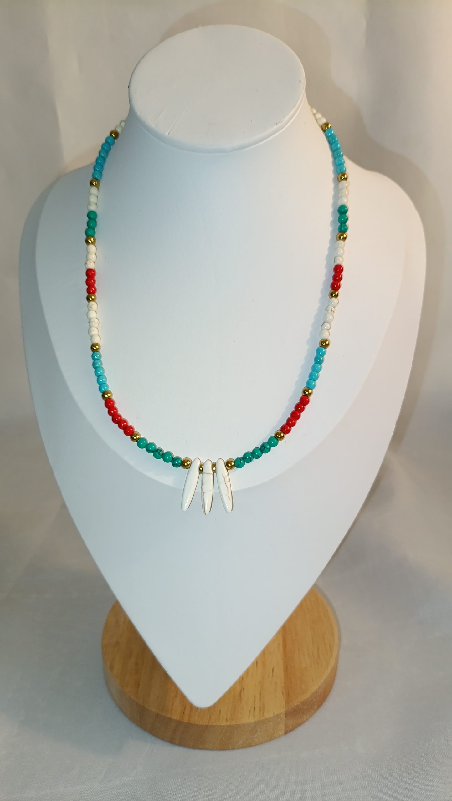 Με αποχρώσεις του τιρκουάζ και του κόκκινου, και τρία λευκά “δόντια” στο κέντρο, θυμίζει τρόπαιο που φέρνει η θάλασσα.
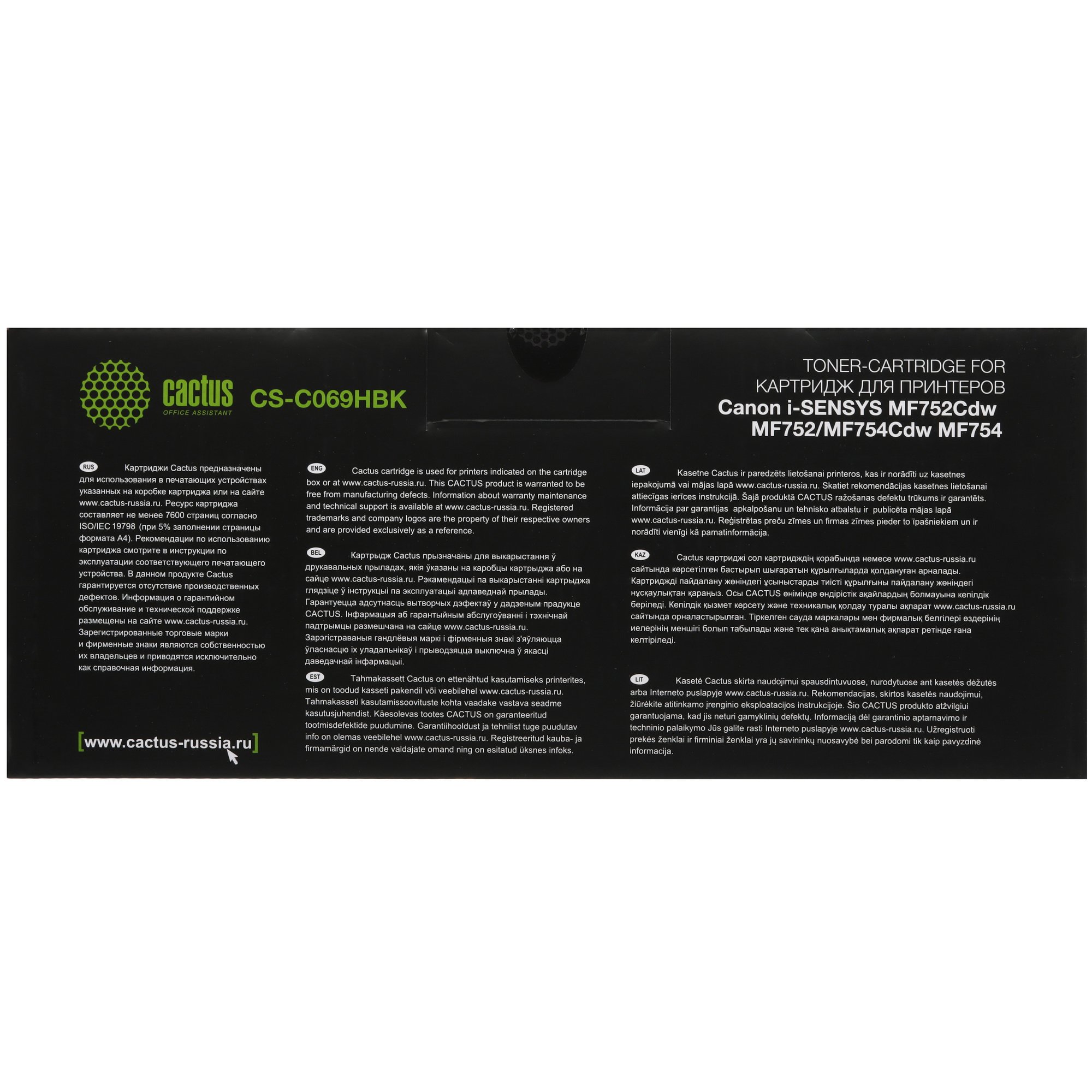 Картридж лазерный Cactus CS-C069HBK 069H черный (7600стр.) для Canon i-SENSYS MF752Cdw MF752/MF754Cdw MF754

◇ ◇ ◇ ◇ ◇ ◇ ◇

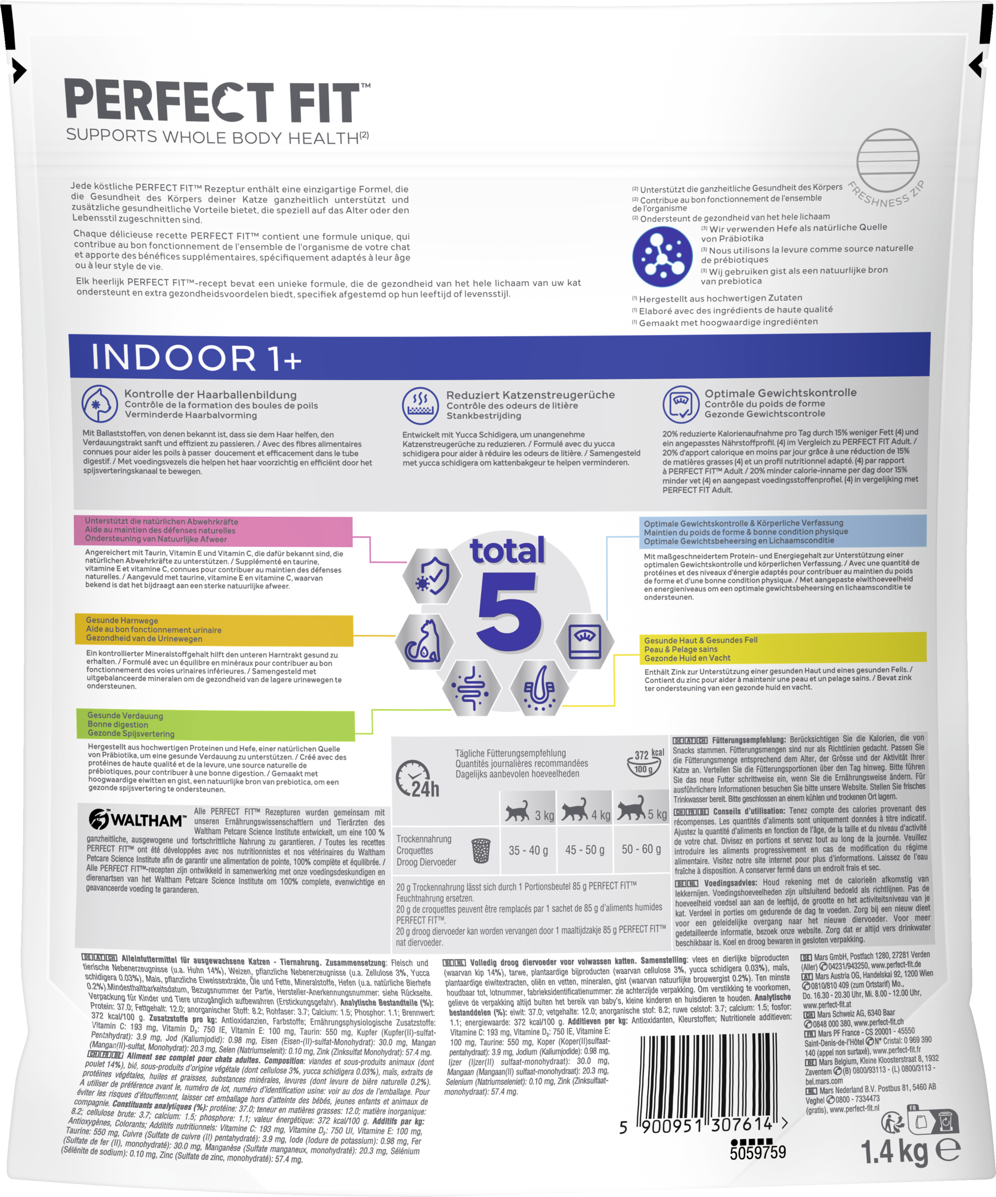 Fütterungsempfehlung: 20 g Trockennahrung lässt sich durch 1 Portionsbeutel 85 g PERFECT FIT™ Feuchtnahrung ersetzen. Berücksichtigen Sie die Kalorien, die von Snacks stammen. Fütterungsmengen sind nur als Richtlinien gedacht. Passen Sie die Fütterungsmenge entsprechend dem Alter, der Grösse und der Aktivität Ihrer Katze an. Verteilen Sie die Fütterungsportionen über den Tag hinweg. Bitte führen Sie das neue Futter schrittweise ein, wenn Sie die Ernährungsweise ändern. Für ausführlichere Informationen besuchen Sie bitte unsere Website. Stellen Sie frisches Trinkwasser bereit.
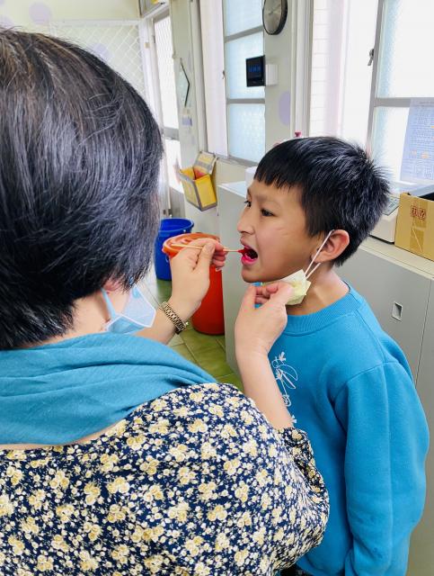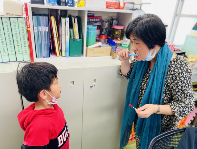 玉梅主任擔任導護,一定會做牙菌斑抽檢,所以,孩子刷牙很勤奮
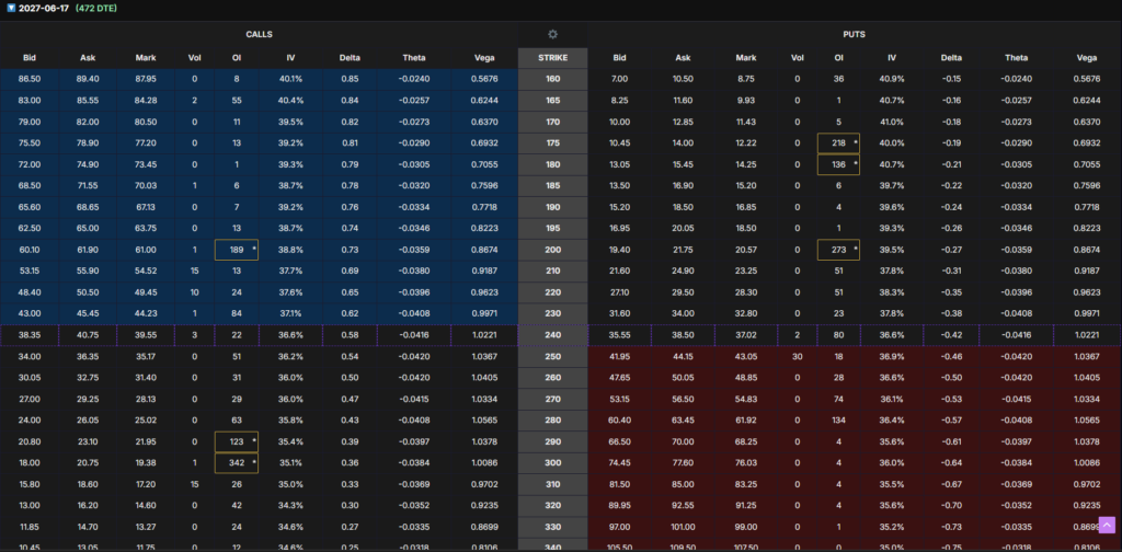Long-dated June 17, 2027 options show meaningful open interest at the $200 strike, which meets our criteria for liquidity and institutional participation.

◇ ◇ ◇ ◇ ◇ ◇ ◇

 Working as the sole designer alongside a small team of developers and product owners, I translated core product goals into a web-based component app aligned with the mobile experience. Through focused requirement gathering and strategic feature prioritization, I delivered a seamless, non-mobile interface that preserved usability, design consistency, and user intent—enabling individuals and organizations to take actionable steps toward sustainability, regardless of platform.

◇ ◇ ◇ ◇ ◇ ◇ ◇

Look above for the line with "Με αποχρώσεις του" and the line with "Картридж лазерный Cactus". Copy them and every line between, exactly, but no pictures.

 Με αποχρώσεις του τιρκουάζ και του κόκκινου, και τρία λευκά “δόντια” στο κέντρο, θυμίζει τρόπαιο που φέρνει η θάλασσα.
 Картридж лазерный Cactus CS-C069HBK 069H черный (7600стр.) для Canon i-SENSYS MF752Cdw MF752/MF754Cdw MF754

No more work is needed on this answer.